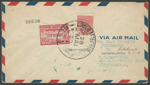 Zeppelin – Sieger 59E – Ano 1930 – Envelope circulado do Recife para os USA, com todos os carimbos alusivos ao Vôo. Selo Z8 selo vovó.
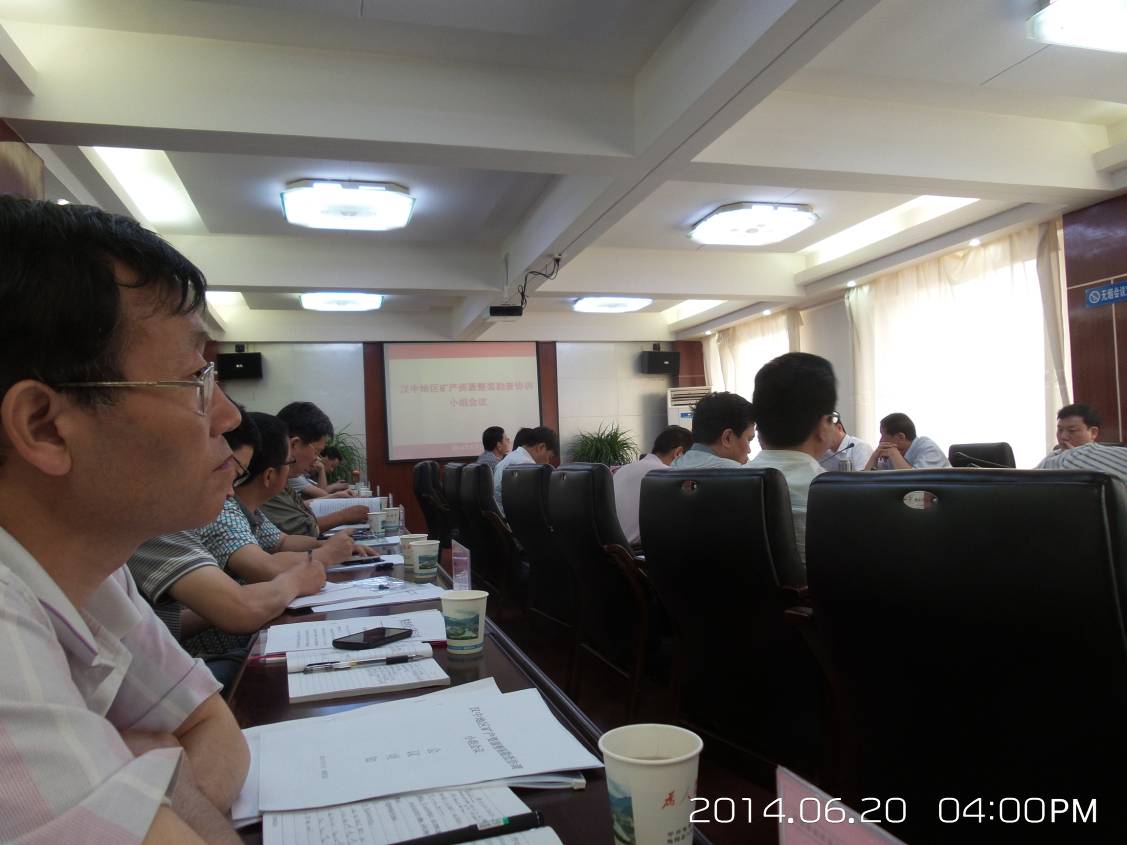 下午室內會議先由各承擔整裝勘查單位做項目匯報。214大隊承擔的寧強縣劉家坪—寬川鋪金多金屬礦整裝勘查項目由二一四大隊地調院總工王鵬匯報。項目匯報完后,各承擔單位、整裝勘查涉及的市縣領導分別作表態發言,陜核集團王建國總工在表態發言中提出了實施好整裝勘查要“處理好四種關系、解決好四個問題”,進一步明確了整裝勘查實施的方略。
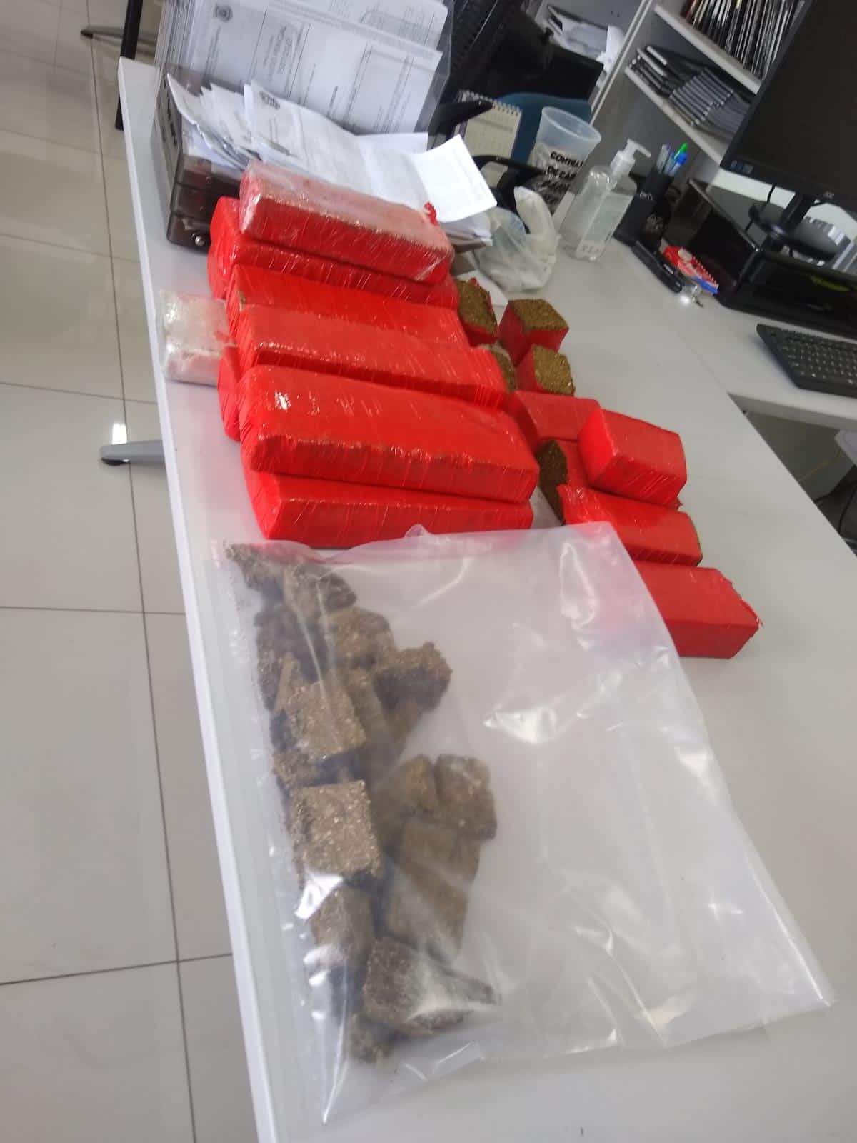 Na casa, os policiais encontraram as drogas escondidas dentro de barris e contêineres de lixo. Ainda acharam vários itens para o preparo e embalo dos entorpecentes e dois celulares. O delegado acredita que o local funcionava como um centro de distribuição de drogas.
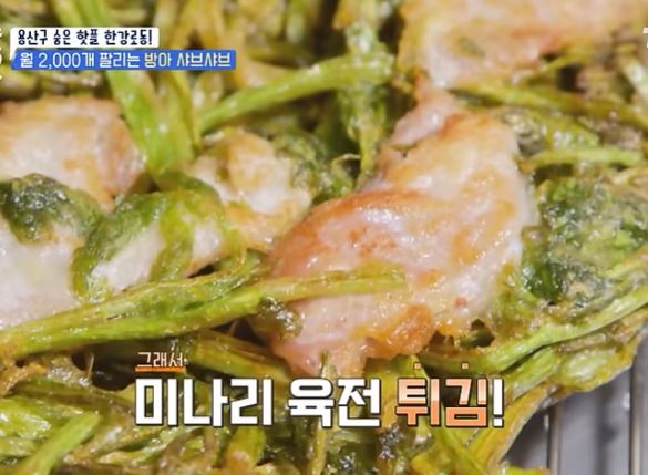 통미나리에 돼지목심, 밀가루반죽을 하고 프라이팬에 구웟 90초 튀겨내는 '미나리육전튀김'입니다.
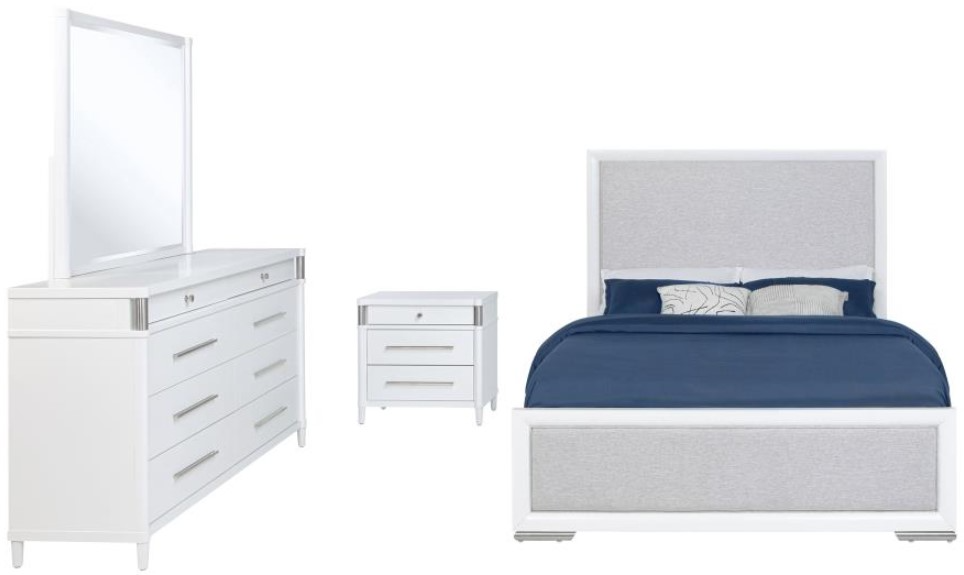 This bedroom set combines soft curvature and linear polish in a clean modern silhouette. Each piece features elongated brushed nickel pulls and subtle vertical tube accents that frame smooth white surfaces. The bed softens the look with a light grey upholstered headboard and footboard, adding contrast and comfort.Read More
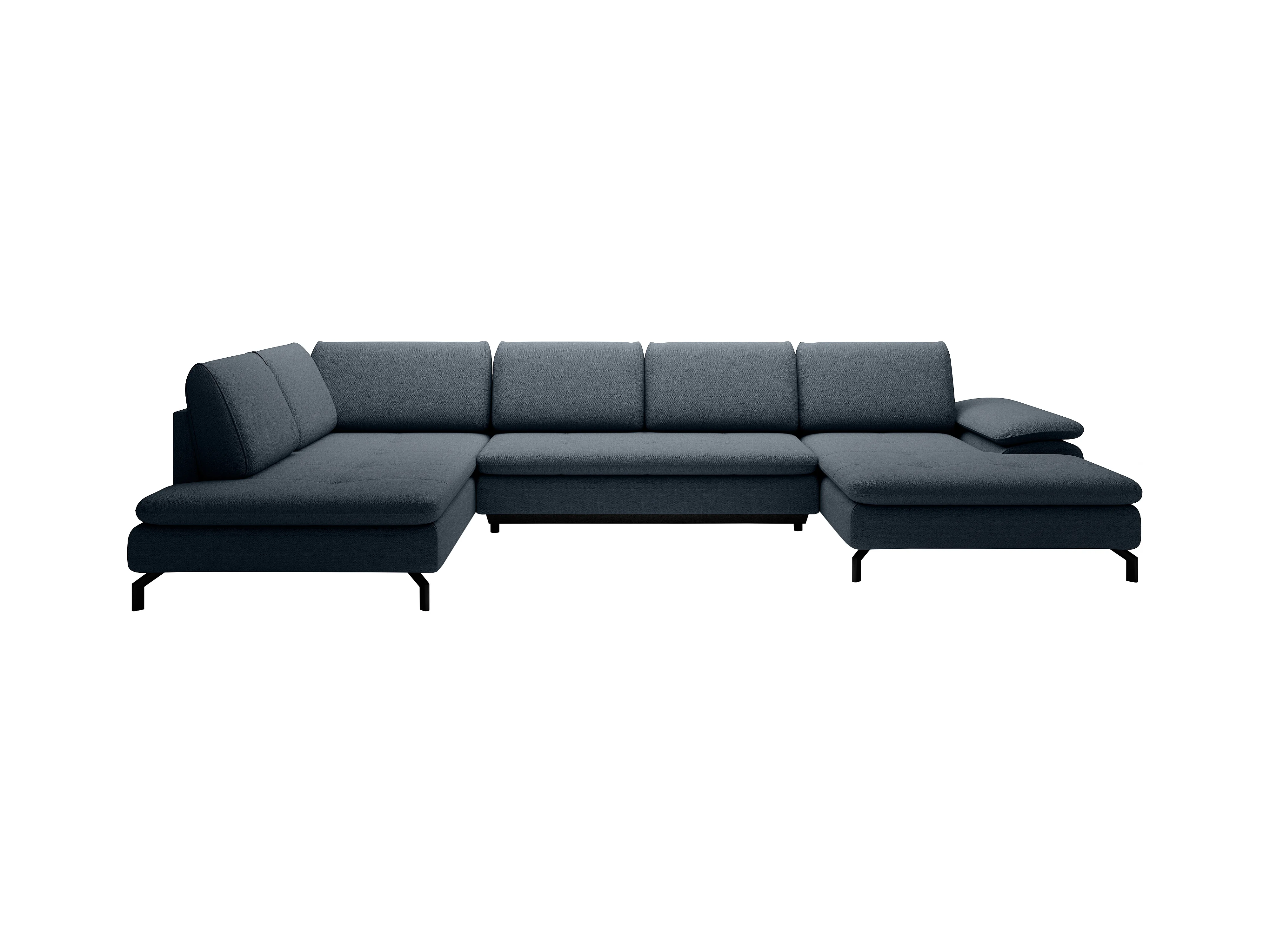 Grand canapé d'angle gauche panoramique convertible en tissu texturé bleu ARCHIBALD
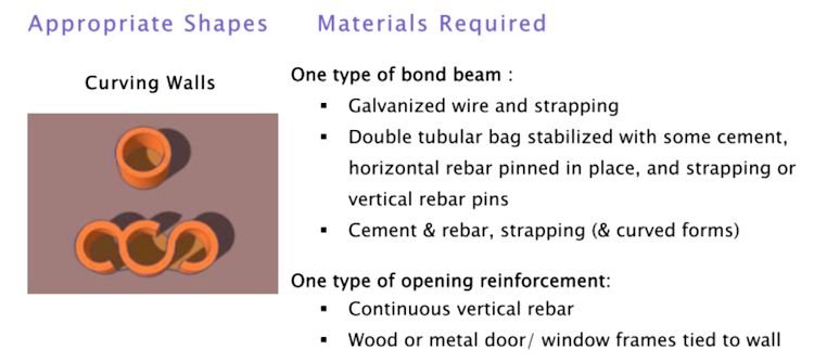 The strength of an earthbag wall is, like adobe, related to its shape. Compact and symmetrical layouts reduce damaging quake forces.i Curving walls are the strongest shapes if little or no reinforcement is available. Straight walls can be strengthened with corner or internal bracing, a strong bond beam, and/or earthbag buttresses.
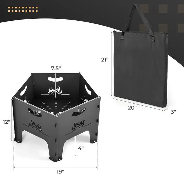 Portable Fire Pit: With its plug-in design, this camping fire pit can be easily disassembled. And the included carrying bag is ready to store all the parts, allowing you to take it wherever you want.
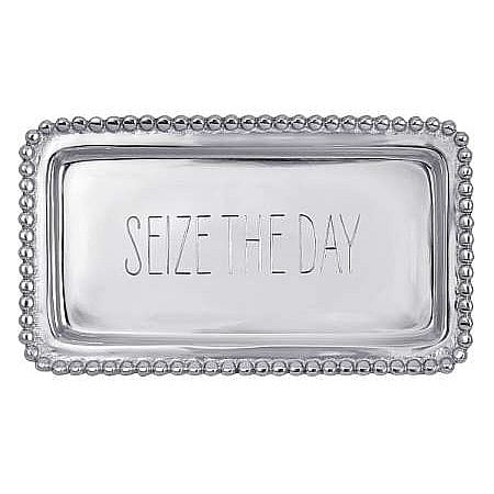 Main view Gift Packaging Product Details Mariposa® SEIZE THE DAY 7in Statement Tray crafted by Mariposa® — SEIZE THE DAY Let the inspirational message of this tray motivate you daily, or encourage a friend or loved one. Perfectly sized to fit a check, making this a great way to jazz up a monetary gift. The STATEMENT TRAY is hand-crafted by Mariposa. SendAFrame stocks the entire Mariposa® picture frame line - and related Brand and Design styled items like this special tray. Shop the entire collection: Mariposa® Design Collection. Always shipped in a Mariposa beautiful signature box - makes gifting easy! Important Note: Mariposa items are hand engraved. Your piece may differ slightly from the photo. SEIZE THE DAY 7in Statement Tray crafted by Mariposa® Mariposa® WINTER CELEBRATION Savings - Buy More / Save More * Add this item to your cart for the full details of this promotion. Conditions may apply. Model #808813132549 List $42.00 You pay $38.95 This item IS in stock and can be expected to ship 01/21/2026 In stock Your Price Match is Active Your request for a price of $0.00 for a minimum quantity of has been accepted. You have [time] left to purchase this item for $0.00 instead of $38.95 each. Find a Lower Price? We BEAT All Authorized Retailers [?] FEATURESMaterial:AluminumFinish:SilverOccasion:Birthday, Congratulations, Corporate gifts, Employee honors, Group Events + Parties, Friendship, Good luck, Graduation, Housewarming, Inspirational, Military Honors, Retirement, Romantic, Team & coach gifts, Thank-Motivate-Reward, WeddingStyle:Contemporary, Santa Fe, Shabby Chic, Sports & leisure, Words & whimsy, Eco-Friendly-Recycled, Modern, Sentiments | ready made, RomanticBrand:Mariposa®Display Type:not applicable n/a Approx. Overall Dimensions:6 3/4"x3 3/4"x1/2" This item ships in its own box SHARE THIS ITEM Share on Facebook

Work instructions = Give back the whole listing exactly as it stands. Drop every picture.

Task output =
 Zeppelin – Sieger 59E – Ano 1930 – Envelope circulado do Recife para os USA, com todos os carimbos alusivos ao Vôo. Selo Z8 selo vovó.
 下午室內會議先由各承擔整裝勘查單位做項目匯報。214大隊承擔的寧強縣劉家坪—寬川鋪金多金屬礦整裝勘查項目由二一四大隊地調院總工王鵬匯報。項目匯報完后,各承擔單位、整裝勘查涉及的市縣領導分別作表態發言,陜核集團王建國總工在表態發言中提出了實施好整裝勘查要“處理好四種關系、解決好四個問題”,進一步明確了整裝勘查實施的方略。
 Na casa, os policiais encontraram as drogas escondidas dentro de barris e contêineres de lixo. Ainda acharam vários itens para o preparo e embalo dos entorpecentes e dois celulares. O delegado acredita que o local funcionava como um centro de distribuição de drogas.
 통미나리에 돼지목심, 밀가루반죽을 하고 프라이팬에 구웟 90초 튀겨내는 '미나리육전튀김'입니다.
 This bedroom set combines soft curvature and linear polish in a clean modern silhouette. Each piece features elongated brushed nickel pulls and subtle vertical tube accents that frame smooth white surfaces. The bed softens the look with a light grey upholstered headboard and footboard, adding contrast and comfort.Read More
 Grand canapé d'angle gauche panoramique convertible en tissu texturé bleu ARCHIBALD
 The strength of an earthbag wall is, like adobe, related to its shape. Compact and symmetrical layouts reduce damaging quake forces.i Curving walls are the strongest shapes if little or no reinforcement is available. Straight walls can be strengthened with corner or internal bracing, a strong bond beam, and/or earthbag buttresses.
 Portable Fire Pit: With its plug-in design, this camping fire pit can be easily disassembled. And the included carrying bag is ready to store all the parts, allowing you to take it wherever you want.
 Main view Gift Packaging Product Details Mariposa® SEIZE THE DAY 7in Statement Tray crafted by Mariposa® — SEIZE THE DAY Let the inspirational message of this tray motivate you daily, or encourage a friend or loved one. Perfectly sized to fit a check, making this a great way to jazz up a monetary gift. The STATEMENT TRAY is hand-crafted by Mariposa. SendAFrame stocks the entire Mariposa® picture frame line - and related Brand and Design styled items like this special tray. Shop the entire collection: Mariposa® Design Collection. Always shipped in a Mariposa beautiful signature box - makes gifting easy! Important Note: Mariposa items are hand engraved. Your piece may differ slightly from the photo. SEIZE THE DAY 7in Statement Tray crafted by Mariposa® Mariposa® WINTER CELEBRATION Savings - Buy More / Save More * Add this item to your cart for the full details of this promotion. Conditions may apply. Model #808813132549 List $42.00 You pay $38.95 This item IS in stock and can be expected to ship 01/21/2026 In stock Your Price Match is Active Your request for a price of $0.00 for a minimum quantity of has been accepted. You have [time] left to purchase this item for $0.00 instead of $38.95 each. Find a Lower Price? We BEAT All Authorized Retailers [?] FEATURESMaterial:AluminumFinish:SilverOccasion:Birthday, Congratulations, Corporate gifts, Employee honors, Group Events + Parties, Friendship, Good luck, Graduation, Housewarming, Inspirational, Military Honors, Retirement, Romantic, Team & coach gifts, Thank-Motivate-Reward, WeddingStyle:Contemporary, Santa Fe, Shabby Chic, Sports & leisure, Words & whimsy, Eco-Friendly-Recycled, Modern, Sentiments | ready made, RomanticBrand:Mariposa®Display Type:not applicable n/a Approx. Overall Dimensions:6 3/4"x3 3/4"x1/2" This item ships in its own box SHARE THIS ITEM Share on Facebook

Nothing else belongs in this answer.